The rules which brought indirect holdings of UK homes of foreign domiciliaries into the inheritance tax net from April 2017 also catch overseas loans made by such individuals to finance UK residential property interests as well as assets "held or otherwise made available as security, collateral or guarantee" for relevant loans.
This caused concern that inheritance tax might be charged where assets were available by way of general set-off under a bank’s standard terms and conditions, rather than formally pledged or charged as security for a loan.
HMRC have now confirmed that “the legislation was not intended to interfere with normal banking arrangements”. They now agree that if property given as security or collateral is too remote or has no connection with the relevant loan, it will not be subject to inheritance tax.

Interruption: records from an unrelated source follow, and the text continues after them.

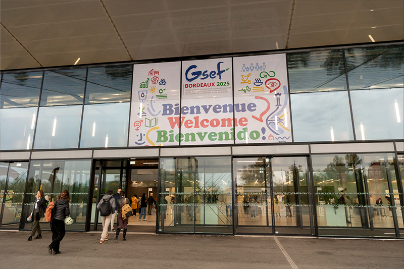 10 800 participants, 109 pays représentés, 169 ateliers, plus de 600 intervenants... le Forum mondial de l’économie sociale et solidaire GSEF1 à Bordeaux du 29 au 31 octobre 2025 a battu tous les records pour sa 7e édition. Une satisfaction pour Timothée Duverger, chargé de présider le comité scientifique d’un événement d’envergure planétaire composé d’acteurs et de chercheurs nationaux et internationaux. « L’objectif était de construire un programme équilibré dans l’origine des expressions et dans les sujets proposés sur la base de la thématique qui avait été choisie ». Laquelle portait sur « l’ESS, une condition pour la transformation juste vers des territoires résilients et le bien-être de leurs habitants ». Un sujet de choix pour ce docteur en histoire et enseignant à Sciences Po Bordeaux, reconnu comme l’un des spécialistes français de l’ESS, et fervent défenseur du concept de Responsabilité Territoriale des Entreprises (RTE). Une expertise qu’il transmet aux étudiants de l’institut puisqu’il est responsable de son master Économie sociale et solidaire et innovation sociale (ESSIS). Une de ses étudiantes de M2 - Jeanne Morel - a d’ailleurs brillé lors du GESF en tant que coordinatrice du comité scientifique. Recrutée par la manifestation en qualité d’alternante, elle en a été l’une des chevilles ouvrières (lire son interview plus bas). L’occasion pour elle de livrer son sentiment sur son cursus et ce qu’elle en retire.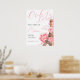 Ooh La La Paris välkomstskylt för bröllopsfest med Eiffeltornet och rosa blommande peonior och kalligrafiskrift.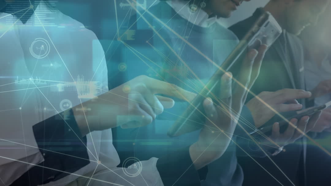 Three business professionals are using digital devices to analyze and process data. The overlay of network connections illustrates the concept of digital transformation and connectivity in a modern office. This video is effective for illustrating themes of innovation, business technology, and teamwork, suitable for use in presentations about digital solutions in business or technology-related content.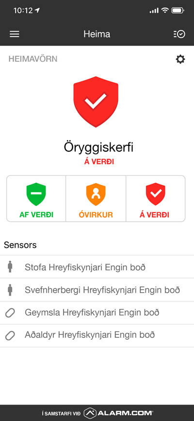 Þú stjórnar öllu í sama appinu hvort sem þú ert með Heimavörn, Sumarhúsavörn eða Fyrirtækjavörn.
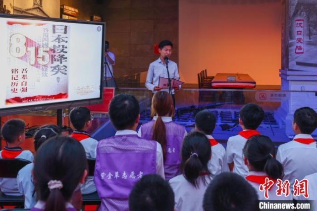 8月15日,工作人员向青少年讲解抗战历史。中新社记者 泱波 摄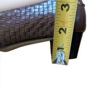 Trotters Womens Woven Leather Loafers Brown Size 7.5M Square Toe Block Heel Shoes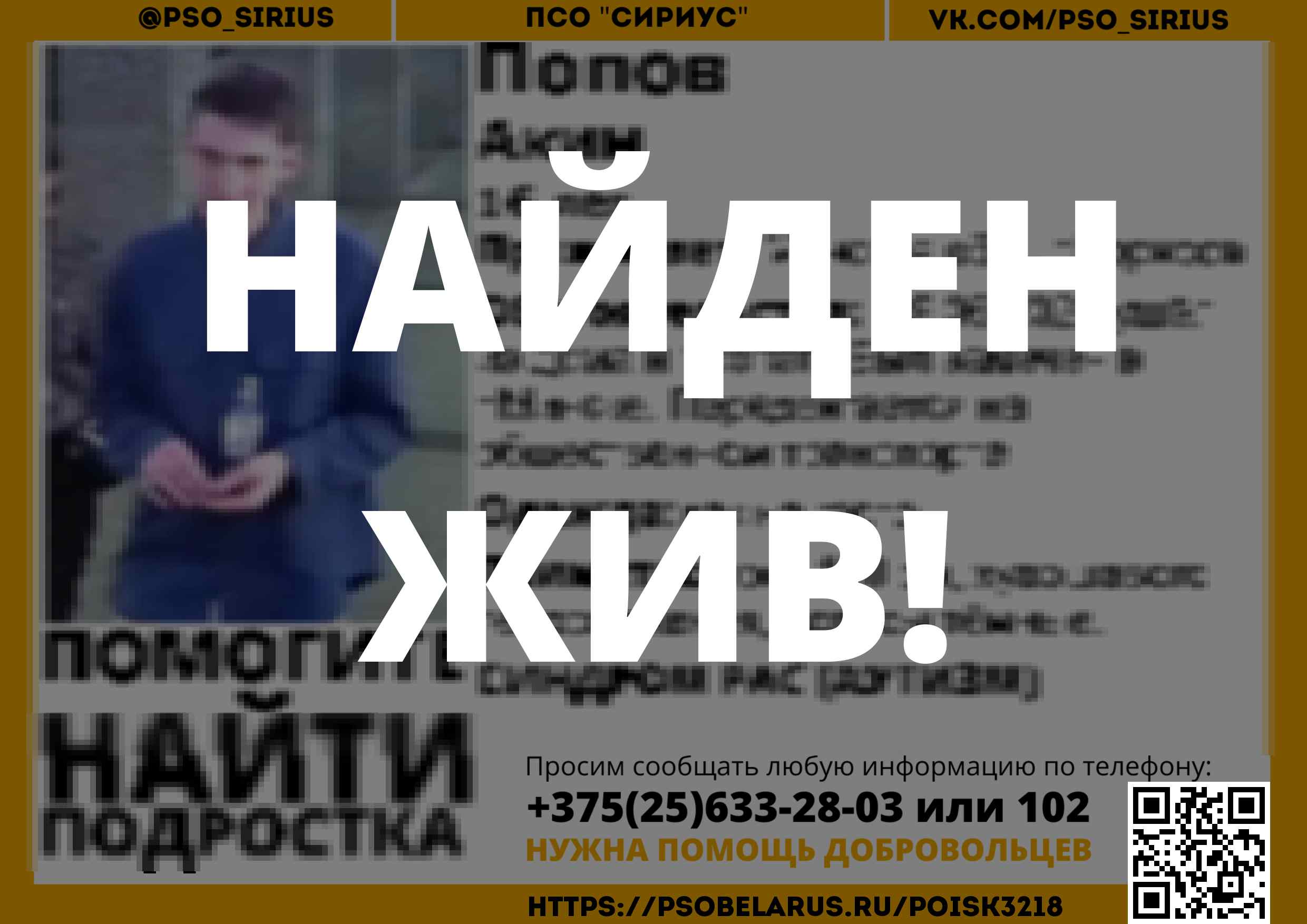 Всех, кто владеет информацией, просим сообщить: ПСО "Сириус" +375(25)633-28-03 |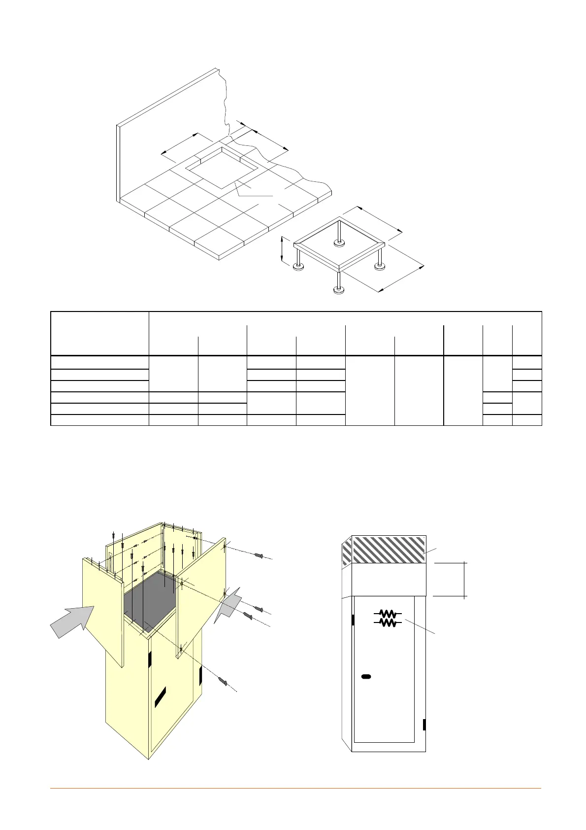 CAUTION: For ”UNDER” units installed on raised floor, inhibit inappropriate access to the unit from the base to not---authotized staff: i.e. fixing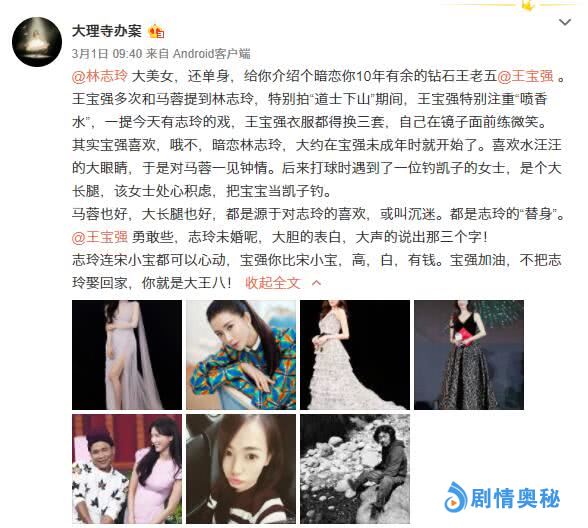那么王宝强暗恋林志玲的消息来源自哪里呢?还是马蓉的闺蜜“大理寺办案”。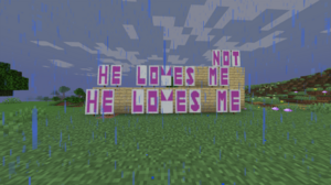 Beetrolled and Shattered's usage of the phrase became a minigame in season 6, where they were on the same team. The game was to find a way to uniquely get the other person to see the phrase "he loves me, he loves me not". The rules were that you had to set the thing up only when the other person is online. Both Beetrolled and ShatteredWish14 got very creative with it, not just writing it on signs. They used pieces of paper hidden in pots, block text screenshots, audio files, and other assorted ways. The number of times they each got each other was at a warp in the nether used for mining ancient debris.

HMRC caveat their position by saying that in some circumstances collateral available under a general pledge may be within the tax net “depending on the facts of a particular case.” It is not clear what sort of banking terms would cause an issue, possibly a reference to an “encumbrance” over other assets could be problematic, but it seems clear that HMRC’s view has softened and they stress that only collateral up to the value of the loan would be caught.
HMRC also confirm that if a guarantee is not connected to any particular property, so that the lender only has general recourse to the guarantor for a failure to repay a loan, then the guarantor’s assets should remain excluded property for inheritance tax purposes.